Same outcome in the 400s as in the modern day.
No one hates the media as much as they should.
March 24, 2025 @ 3:07 pm
Honestly the industry as a whole, and to a certain extent the independent artists deserve this because they were afraid to stand up and say “no” to the Beyonce album. It’s obvious that Rolling Stone is not an outlet that objectively reviews music – it is an activistic medium. They let Rolling Stone and others push the Beyonce album because they were afraid of being called racist .

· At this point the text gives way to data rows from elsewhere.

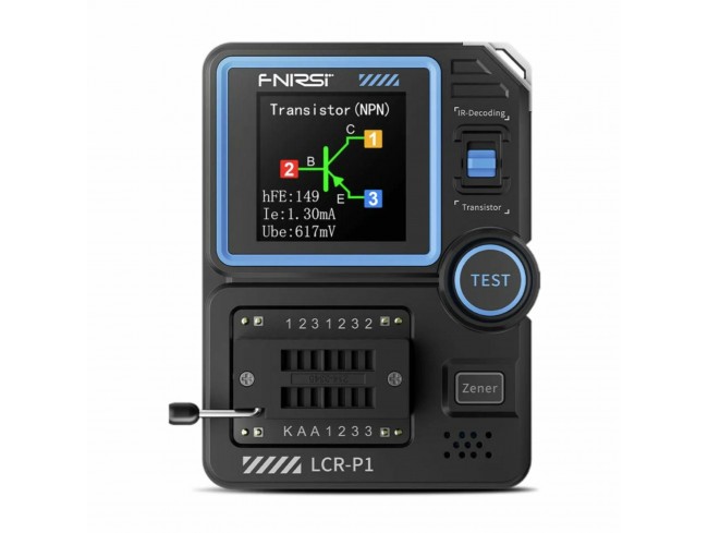 Fnirsi LCR-P1 je visoko natančen elektronski merilnik za analizo in merjenje lastnosti polprevodniških in pasivnih komponent. Namenjen je inženirjem, tehnikom in serviserjem za hitro preverjanje tranzistorjev, diod, FET, uporov, kondenzatorjev in induktivnosti. Naprava samodejno prepozna tip komponente, razpored pinov in ključne parametre, kar poenostavi delo in zmanjša možnost napak.
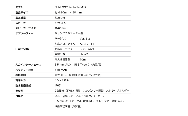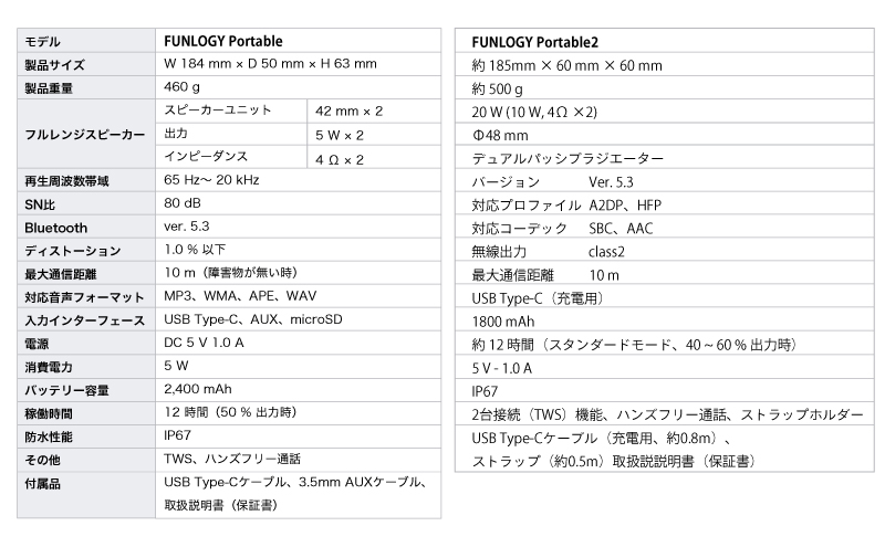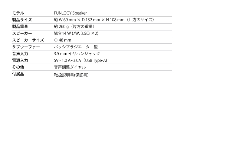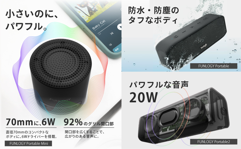 FUNLOGY Speakerブラック 1セット、FUNLOGY Soundbarブラック 1台、FUNLOGY Portable Miniホワイト 1台 FUNLOGY Portable2ブラック 1台、FUNLOGY Portableブラック 1台、その他付属品
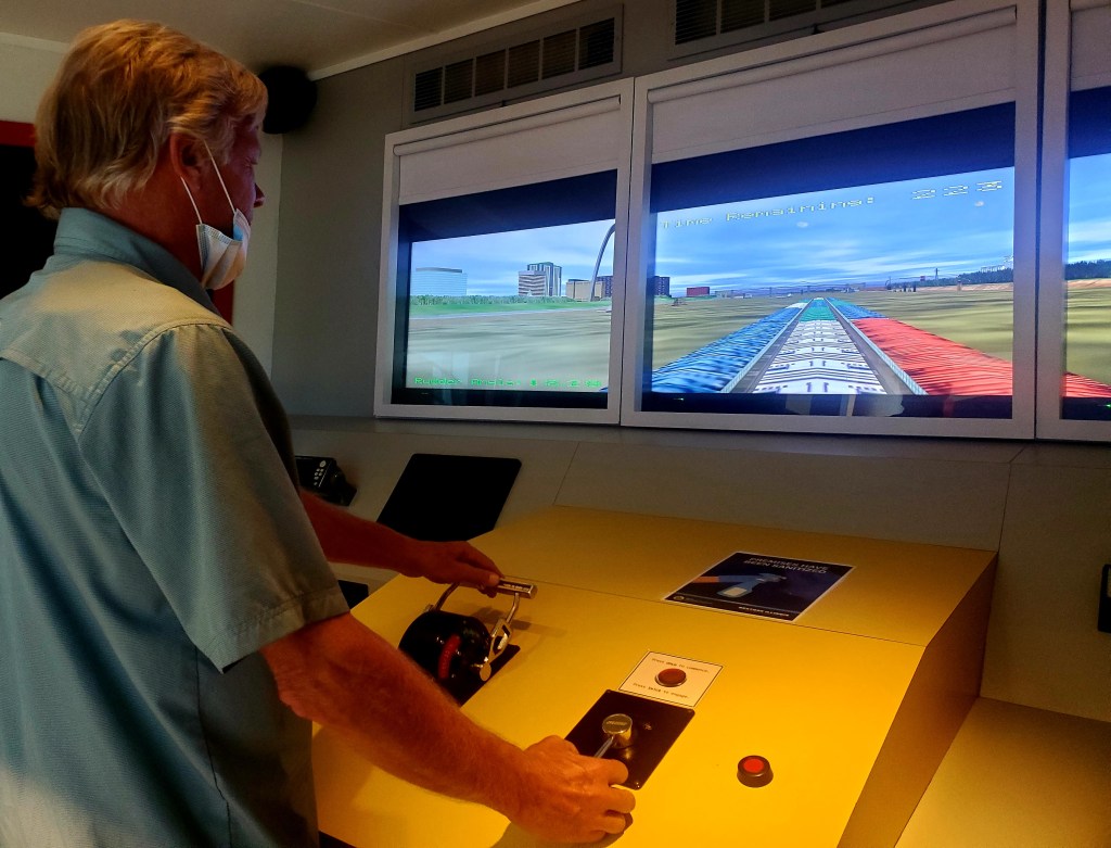 Jeff “took a spin” on the museum’s barge simulator. He crashed. 🙂 (I’m sure he would have succeeded on a 2nd try! We were warned that it’s more difficult that one would think.)

For them and most of the media it’s not about promoting new and objectively good artists, it’s about self-serving attempts at gaining social clout. It doesn’t matter if the women and minorities they champion are any good. It’s that they were successful in pushing them into the mainstream at all and that’s the social “win.” It’s almost a sick, Orwellian game. They are pushing things that objectively suck but everyone is too afraid to speak out too loudly and call a Spade a Spade. I’m sure you can picture some of the examples I can’t mention without risking my comment being deleted.
March 25, 2025 @ 8:22 am
Artists and others in the industrt are in the business of making art or music or whatever it is they do, and finding an audience for it. They’re not in the business of “standing up to” and “saying No” to other artists or their product. You can’t expect artists or “the industry as a whole” to rip Beyonce. The way they say “No” to an album is by not playing it, which I think may have been the case with the country industry and the Beyonce album
March 25, 2025 @ 3:48 pm
I do agree with you, but the problem with Beyonce’s album and the current social climate is that anyone who would speak out would be labeled a sexist and racist. I also find it morbidly amusing that most of these artists vote the same way as the people who would gleefully call them sexist and racist for daring to speak out. I hate identity politics and the logical conclusion always ends with that movement eating it’s own.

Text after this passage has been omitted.